[...] dos bombeiros do Rio de Janeiro e a liberdade nossa de cada dia
Por Dida Figueiredo, pesquisadora do Ibase, no Brasil de Fato
Em vez de serem apenas livres, esforcem-se/Para criar um estado de coisas que liberte a todos/E também o amor à liberdade/Torne supérfluo! (Bertolt Brecht)
Ser livre é uma condição de existência que nenhum entre nós aceitaria abrir mão. A liberdade, em seus múltiplos significados, é um valor exaltado como singular e essencial, especialmente, em sociedades que se pretendem democráticas.
A liberdade é também um direito. Um direito fundamental! O artigo 5º de nossa Constituição assegura serem todos e todas iguais perante a lei, sem distinção de qualquer natureza e dentre os direitos fundamentais exaltados em seu caput (início) está a liberdade.
Esse mesmo artigo determina que ninguém será preso senão em flagrante delito ou por ordem escrita e fundamentada de autoridade judiciária competente, salvo nos casos de transgressão militar ou crime propriamente militar, definidos em lei. Sim, a Constituição trata cidadãos civis e militares de forma diferente. Resquícios de um estado no qual vicejava uma ditadura militar ou necessidade de defesa? Há divergências. O que nos importa questionar neste momento é: até onde vai essa diferença? Podem 439 cidadãos serem presos pelo exercício de outro direito fundamental?
A mesma Constituição assegura, em seu artigo 9º, no qual também se enumeram, de modo não-exaustivo, direitos fundamentais: o direito de greve. Diz a norma, é “assegurado o direito de greve, competindo aos trabalhadores decidir sobre a oportunidade de exercê-lo e sobre os interesses que devam por meio dele defender”. Na falta de uma legislação específica por quase 20 anos vicejou a polêmica sobre o direito de greve dos servidores públicos. Até que, em 2007, o Supremo Tribunal Federal, através dos Mandados de Injunção 670 e 708, definiu que na falta de lei específica o Congresso Nacional deveria criar a lei em 60 dias e se não o fizesse seriam aplicados aos servidores públicos as mesmas regras dos empregados privados (lei 7.783/89).
A lei 7.783/89 trata especificamente do direito de greve e, dentre outras determinações, reconhece que se considera “legítimo exercício do direito de greve a suspensão coletiva, temporária e pacífica, total ou parcial, de prestação pessoal de serviços a empregador”, bem como que é válido “o emprego de meios pacíficos tendentes a persuadir ou aliciar os trabalhadores a aderirem à greve”.

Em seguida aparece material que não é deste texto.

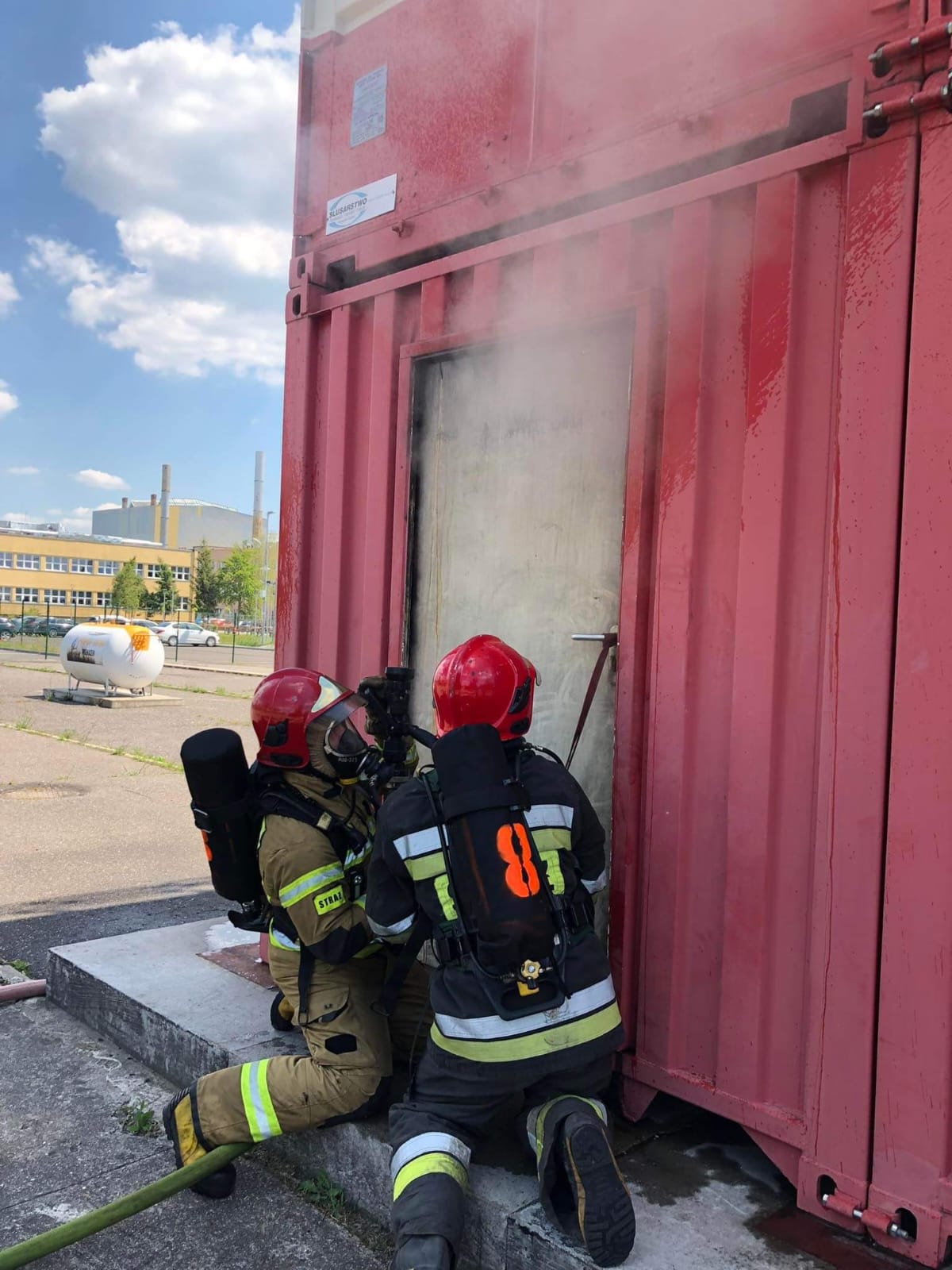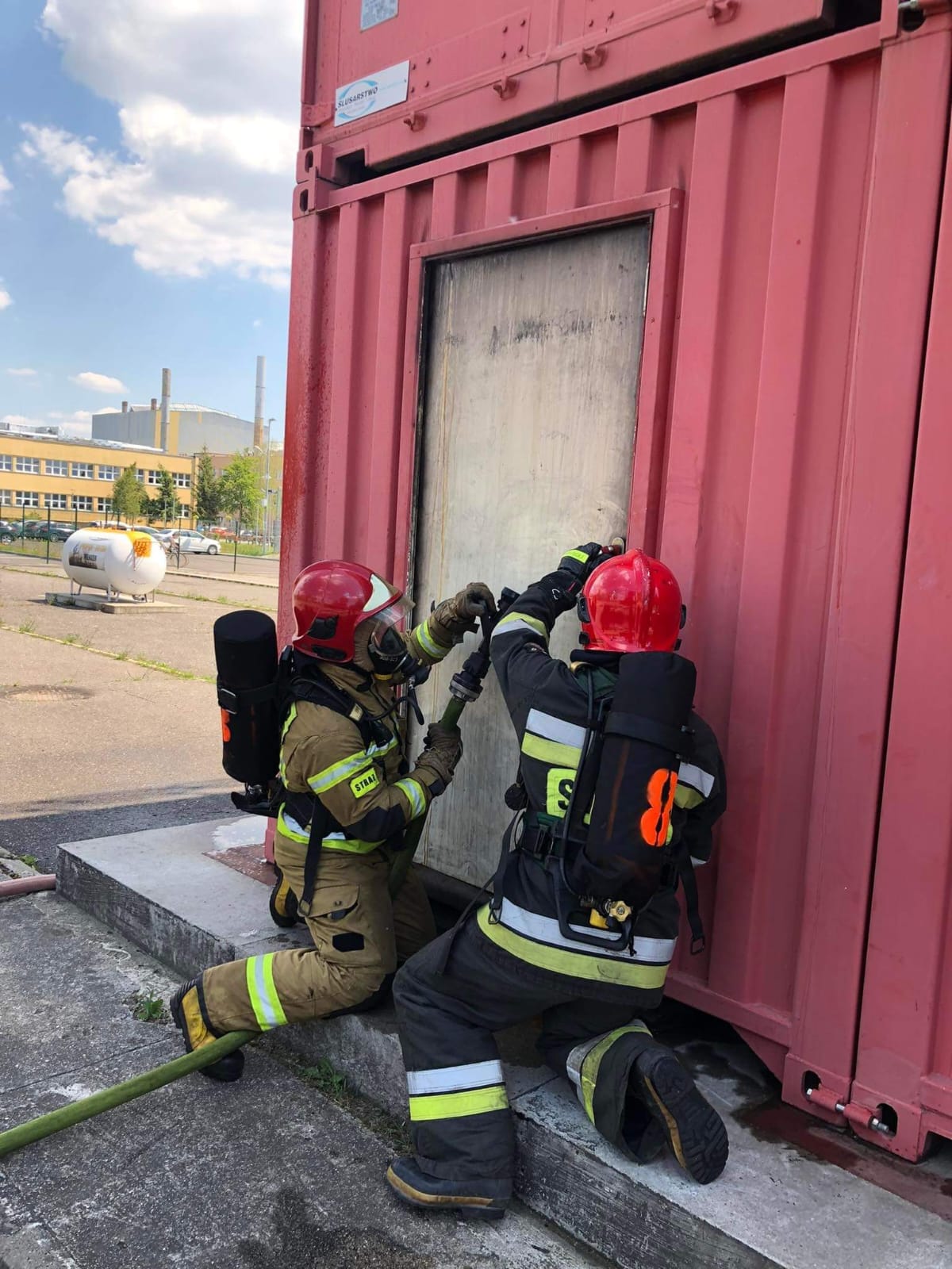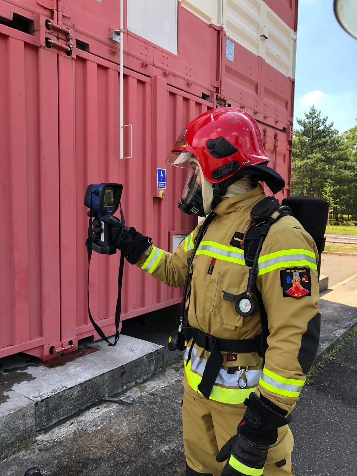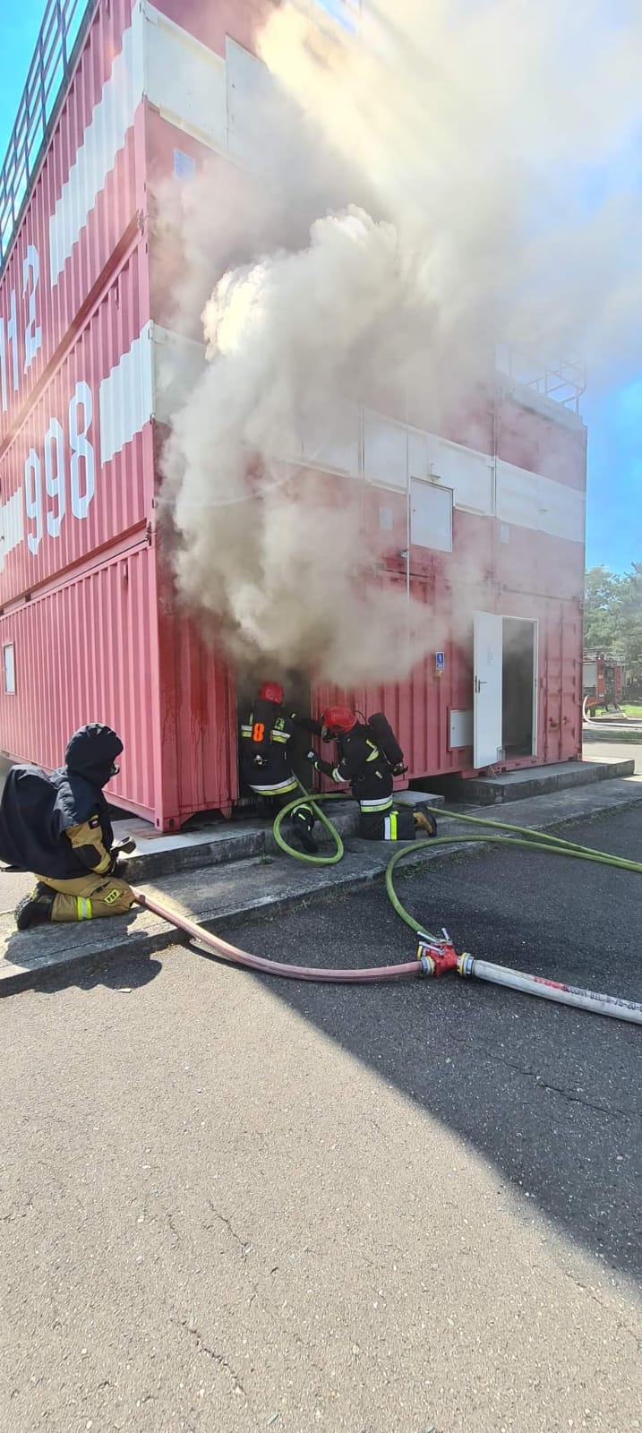 Ponadto strażacy mieli okazję utrwalić umiejętności współpracy w rocie, poruszanie się oraz wycofywanie roty z nawodnioną linią wężową w obiektach zadymionych i przeszukiwanie pomieszczeń przy użyciu kamery termowizyjnej. Zajęcia były doskonałą okazją do obserwacji zjawisk pożarowych w bezpiecznych i kontrolowanych warunkach.

Os bombeiros do Rio de Janeiro estão lutando pelas melhorias de suas condições de trabalho. Suas reivindicações se referem ao direito à saúde (protetor solar) e direito ao trabalho (vale transporte e aumento do piso salarial que hoje é de R$ 950,00). As manifestações tomaram contornos dramáticos neste final de semana.
Há vários meses os bombeiros fluminenses tentam negociar melhores condições de trabalho sem sucesso. Há mais de dez dias, promovem manifestações pacíficas nas quais solicitam serem ouvidos pelo governador Sergio Cabral. Em protesto por não verem seus pleitos serem negociados, ocuparam o quartel central do Corpo de Bombeiros na sexta-feira. Diante da intransigência do governo do Estado, que exigia a saída deles do local sem assegurar qualquer diálogo, resolveram permanecer. O protesto era pacífico, nenhum bombeiro havia cometido qualquer ato de violência. Alguns estavam na companhia de suas esposas e filhos. No sábado pela manhã, a Polícia Militar invadiu o Quartel, lançando bomba de efeito moral e gás lacrimogêneo nos manifestantes. Duas crianças foram socorridas por terem se intoxicado. O clima se tornou tenso e houve danos ao patrimônio do quartel. Quem provocou tais danos? Os bombeiros que reagiram quando atacados de forma inesperada, ou o próprio efetivo do Bope ao praticar a invasão?
Ao todo, 439 bombeiros permanecem detidos e sem comunicação com seus advogados. O Presidente da OAB/RJ, Wadih Damous , criticou publicamente a dificuldade de acesso dos advogados aos bombeiros. Alega-se que podem chegar a serem punidos com 12 anos de prisão. Talvez mais. São acusados de motim, danos ao bem público e impedimento de socorro. De acordo com o Código Penal Militar, o motim deve ser punido com reclusão de 4 a 8 anos, o dano de bem público com detenção de 6 meses a 3 anos, e o impedimento de socorro com reclusão de 3 a 6 anos.